« Nous avons investi en Cuma dans une remorque autochargeuse d’occasion pour accéder à une machine performante, tout en limitant le coût de revient »
Dans la Manche, la Cuma d’Ouville a fait le choix d’investir dans une remorque autochargeuse d’occasion. Cette démarche permet de disposer d’une machine performante et de grande capacité tout en maîtrisant les coûts.
Dans la Manche, la Cuma d’Ouville a fait le choix d’investir dans une remorque autochargeuse d’occasion. Cette démarche permet de disposer d’une machine performante et de grande capacité tout en maîtrisant les coûts.

« Contraints de renouveler la précédente remorque autochargeuse à la suite de la casse en 2023 du rotor d’alimentation en pleine saison d’ensilage, nous avons fait le choix d’acquérir un modèle plus grand et plus performant. Or, le prix élevé de ces machines en neuf nous a conduits à investir dans un modèle d’occasion récemment reconditionné, afin de maintenir un tarif acceptable », indique Flavien Lecler, président de la Cuma de l’entraide d’Ouville dans la Manche. La précédente autochargeuse, arrivée en 2019, avait aussi été achetée d’occasion. Elle avait permis de lancer l’activité sous l’impulsion de Flavien Lecler et de son frère Benoît, associés en Gaec, qui disposaient de ce type de machine sur leur exploitation familiale depuis 1982. « La récolte à l’autochargeuse présente de nombreux avantages. Elle permet notamment de mieux valoriser les prairies et de simplifier l’organisation des chantiers d’ensilage. Il suffit de deux personnes pour faire son silo d’herbe. Notre dernière machine, revendue en 2019, était en copropriété avec une exploitation voisine, également adhérente de la Cuma, et il nous semblait important de partager cette solution de récolte avec le groupe », précisent-ils. Sur les 26 adhérents, six se sont engagés sur l’autochargeuse, mais deux exploitations, dont le Gaec Lecler, réalisent 80 % de l’activité.

Un coût moyen de 65 euros par voyage
Arrivée pour la campagne 2024, la remorque Pöttinger Jumbo 7210 Combiline, d’un volume DIN de 41,5 m3 (72 m3 en décompressé), a été achetée 60 000 euros HT. Âgée de 15 ans, en bon état général et haut de gamme (Isobus, indicateur de remplissage et suspension d’essieux oléopneumatique), elle dispose d’un rotor neuf associé à un système de coupe à 45 couteaux doté de l’affûtage automatique. « La différence de qualité de coupe est nette entre cette machine et la précédente, dont les étoiles du rotor étaient émoussées », reconnaît Flavien Lecler.
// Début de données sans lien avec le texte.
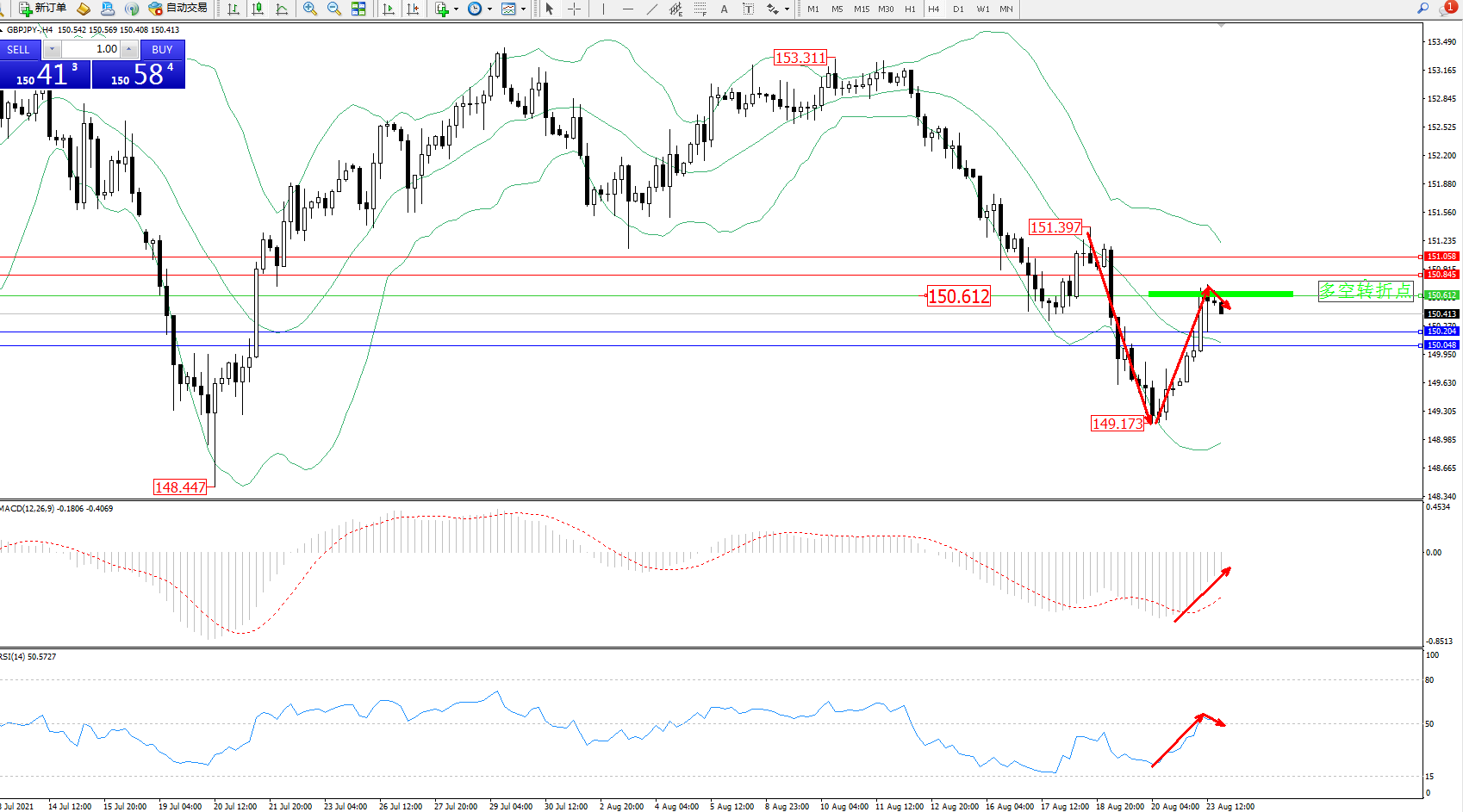 备选策略:150.612上方看涨,目标150.845、151.058

La première autochargeuse de la Cuma, une Pöttinger Jumbo 6600 de 39 m3 de volume DIN (66 m3 en décompressé), avait été achetée 25 000 euros, alors qu’elle affichait 1 000 voyages au compteur. Elle réalisait de 180 à 200 voyages par an et son coût d’utilisation, sans tracteur ni chauffeur, était de 45 euros par voyage. Pour sa première campagne, la nouvelle machine a réalisé 188 voyages, dont 50 pour le compte du Gaec Lecler. Le tarif est supérieur, 65 euros en moyenne, en raison du prix d’achat plus élevé. Il se compose d’une partie fixe de 56 euros et d’une somme variable liée à la distance parcourue pour tenir compte notamment de l’usure des pneumatiques (1,10 €/km). Un compteur hubodomètre fixé sur un essieu mesure les kilomètres et un relevé est réalisé au début et à la fin de chaque chantier. Les chiffres de 2024 révèlent un kilométrage moyen de huit kilomètres par voyage (route et champ).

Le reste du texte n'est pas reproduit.